### Records for processing ###

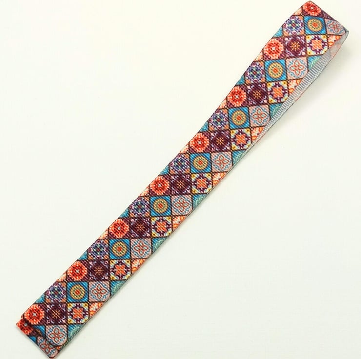Single magnetic pattern marker, for keeping your place in a paper pattern. With a boho tile pattern ribbon - ribbon width 22mm. Ideal for following knitting, crochet, embroidery patterns and pattern grid maps.
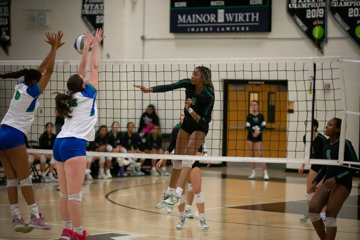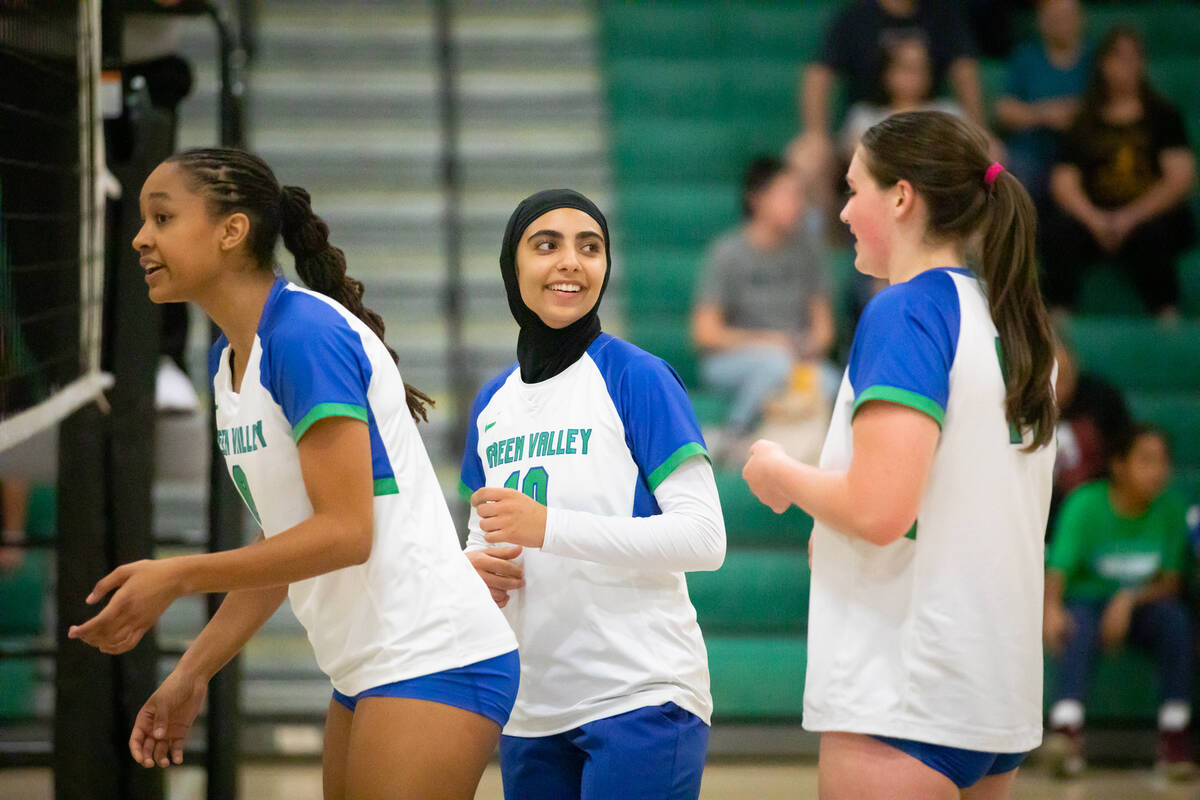 Green Valley’s Aby Tibesar-Magassa (8), Aiyana Alchawa (10) and Lily Meyers (14) during a girls volleyball match at Palo Verde high school on Tuesday, Oct. 11, 2022, in Las Vegas. (Amaya Edwards/Las Vegas Review-Journal) @amayaedw5
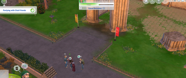 The activity as seen in the upper left corner is "partying with club friends". I suppose there should be a DJ and a bartender at the Ruins but only the attendees appear.
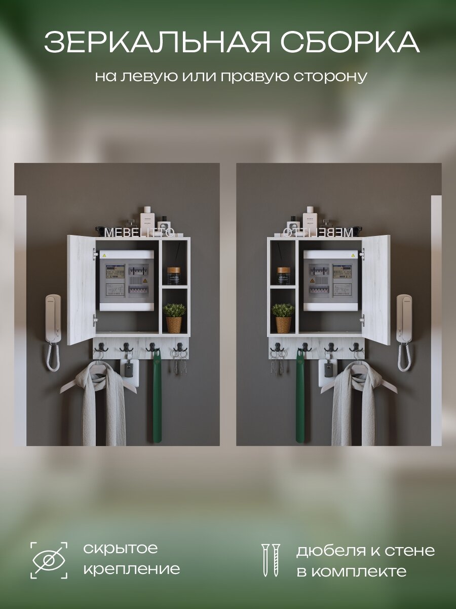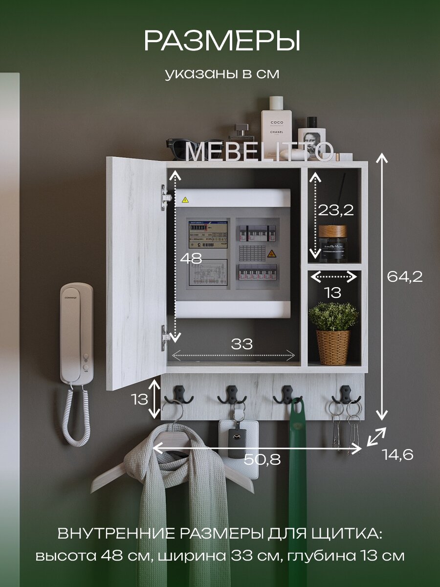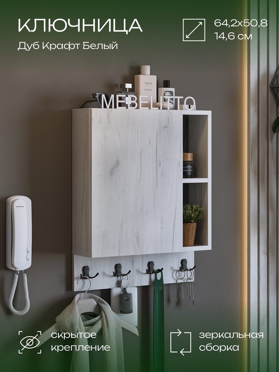 Ключница настенная в прихожую с полкой на щиток, деревянная для дома, Дуб крафт белый: сравнение цен, характеристики, фото, актуальное наличие и цены.
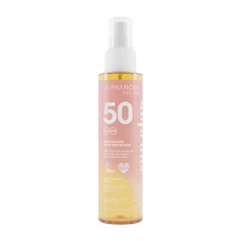 Erősen védő fényvédő olaj SPF 50 új generációs vízálló formulával, bio kókuszolajjal, bio jojobával és bio málnával dúsítva.
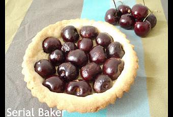 Disposer un fond de poudre d'amande dans chaque tartelette (environ 2 cuillères à café par tartelette). Découper finement la menthe et répartir dans les moules. Laver les cerises (je n'ai pas enlevé les noyaux) et les disposer sur le fond de tarte.
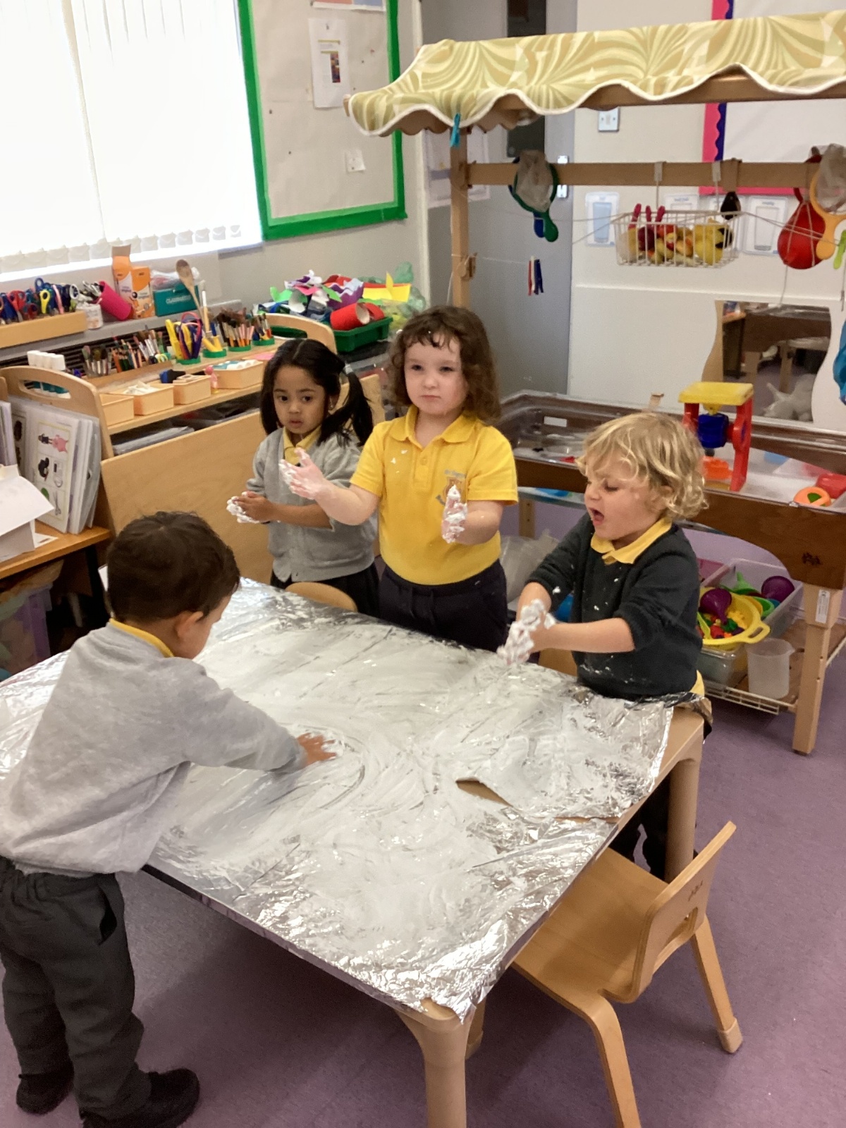 This week in Nursery, we learned about how God made each of us unique. We made art together with a partner or group using our fingertips after learning that each of our fingerprints are different! We also listened to the children's Bible story of Cain and Abel. We have also become more familiar with our daily prayers and are doing such a great job singing along!
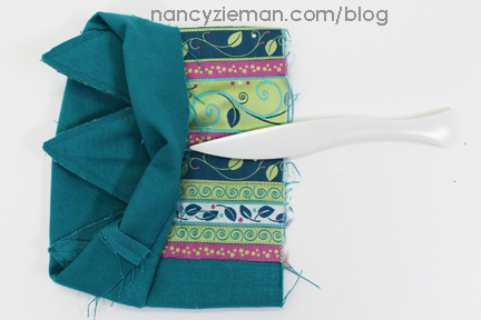 Fold or “wrap” the seam allowance forward and serge the long edge of the pillow.
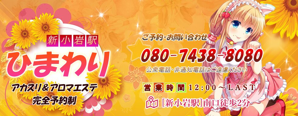 新小岩駅南口より徒歩2分のメンズエステサロン「ひまわり新小岩」 対策も徹底しており、当店セラピストには定期的に抗原検査を行っております。 他では体験したことのない【技術】をご提供します。 美貌と技術を兼ね備えたセラピストが、お客様に究極の癒しを提供いたします。
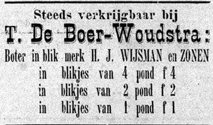 Met Dirk de Boer ging het goed, hij had een prima baan, maar zijn vrouw Tite had moeite met haar leven als huisvrouw. Ze had haar handen vol aan haar steeds uitbreidende kinderschaar, maar ze droomde vaak, dat ze actiever kon zijn als zelfstandige vrouw in het zakenleven. Na hun aankomst in 1874 in Suriname had het echtpaar nog vier zonen Evert, Dirk, André en Anton en een dochter (Catherine) gekregen. Maar na de geboorte van Catherine in 1883 was het zover. Tite nam met haar man het besluit vanuit hun huis in de Jodebreestraat in Paramaribo, boter van het merk H.J. Wijsman en Zonen in rood-groen-gouden blikken te verkopen, waarbij Dirk de inkoop zou verzorgen en Tite de verkoop.
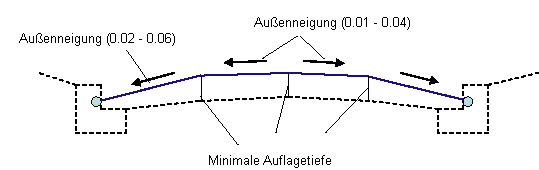 Tiefe (min.) der Auflage an Viertelpunkten und Dachprofil |
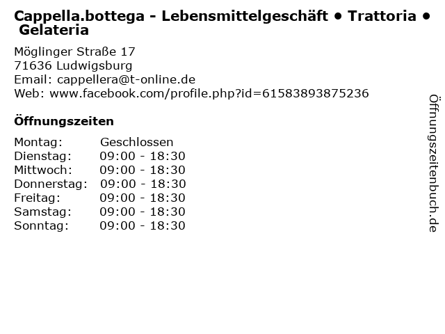 | Öffnungszeiten Cappella.bottega - Lebensmittelgeschäft • Trattoria • Gelateria in Ludwigsburg anzeigen | |
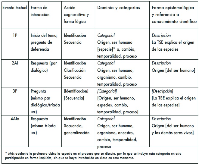 Cada participación constituye un evento textual. Es la unidad de análisis del proceso interactivo. En el primero, la profesora inaugura la interacción de la primera sesión con el inicio del tema (forma de interacción, que marca la autoridad del profesor en la conducción de la clase) sobre la TSE, que ella conoce y le sirve de base, mediante una pregunta de deferencia (forma de interacción) solicitando se identifique (acción cognoscitiva) el origen del ser humano en el contexto biológico (referencia a conocimiento científico), para llegar, mediante otras preguntas, diálogos y actividades, a comprender el origen de las especies según la TSE (tesis que se sustenta). El tema se aborda en forma epistemológica descriptiva (solicita identificación, no explicación), en una forma lógica secuencial, y desde un dominio categorial que incluye nociones de origen, ser humano, cambio, temporalidad y proceso (componentes todas ellas de la estructura del conocimiento según la TSE). El cuadro de la siguiente página presenta estos elementos y aquellos de los eventos subsecuentes (los eventos textuales se numeran consecutivamente, indicando el participante).

###

◆ Aim of the task ◆
From the listing above, please give again the lines that begin with the line holding "Disposer un fond" and go on through the line holding "anzeigen | |", exactly, both ends included, minus any picture.

◆ Result below ◆
 Disposer un fond de poudre d'amande dans chaque tartelette (environ 2 cuillères à café par tartelette). Découper finement la menthe et répartir dans les moules. Laver les cerises (je n'ai pas enlevé les noyaux) et les disposer sur le fond de tarte.
 This week in Nursery, we learned about how God made each of us unique. We made art together with a partner or group using our fingertips after learning that each of our fingerprints are different! We also listened to the children's Bible story of Cain and Abel. We have also become more familiar with our daily prayers and are doing such a great job singing along!
 Fold or “wrap” the seam allowance forward and serge the long edge of the pillow.
 新小岩駅南口より徒歩2分のメンズエステサロン「ひまわり新小岩」 対策も徹底しており、当店セラピストには定期的に抗原検査を行っております。 他では体験したことのない【技術】をご提供します。 美貌と技術を兼ね備えたセラピストが、お客様に究極の癒しを提供いたします。
 Met Dirk de Boer ging het goed, hij had een prima baan, maar zijn vrouw Tite had moeite met haar leven als huisvrouw. Ze had haar handen vol aan haar steeds uitbreidende kinderschaar, maar ze droomde vaak, dat ze actiever kon zijn als zelfstandige vrouw in het zakenleven. Na hun aankomst in 1874 in Suriname had het echtpaar nog vier zonen Evert, Dirk, André en Anton en een dochter (Catherine) gekregen. Maar na de geboorte van Catherine in 1883 was het zover. Tite nam met haar man het besluit vanuit hun huis in de Jodebreestraat in Paramaribo, boter van het merk H.J. Wijsman en Zonen in rood-groen-gouden blikken te verkopen, waarbij Dirk de inkoop zou verzorgen en Tite de verkoop.
 Tiefe (min.) der Auflage an Viertelpunkten und Dachprofil |
 | Öffnungszeiten Cappella.bottega - Lebensmittelgeschäft • Trattoria • Gelateria in Ludwigsburg anzeigen | |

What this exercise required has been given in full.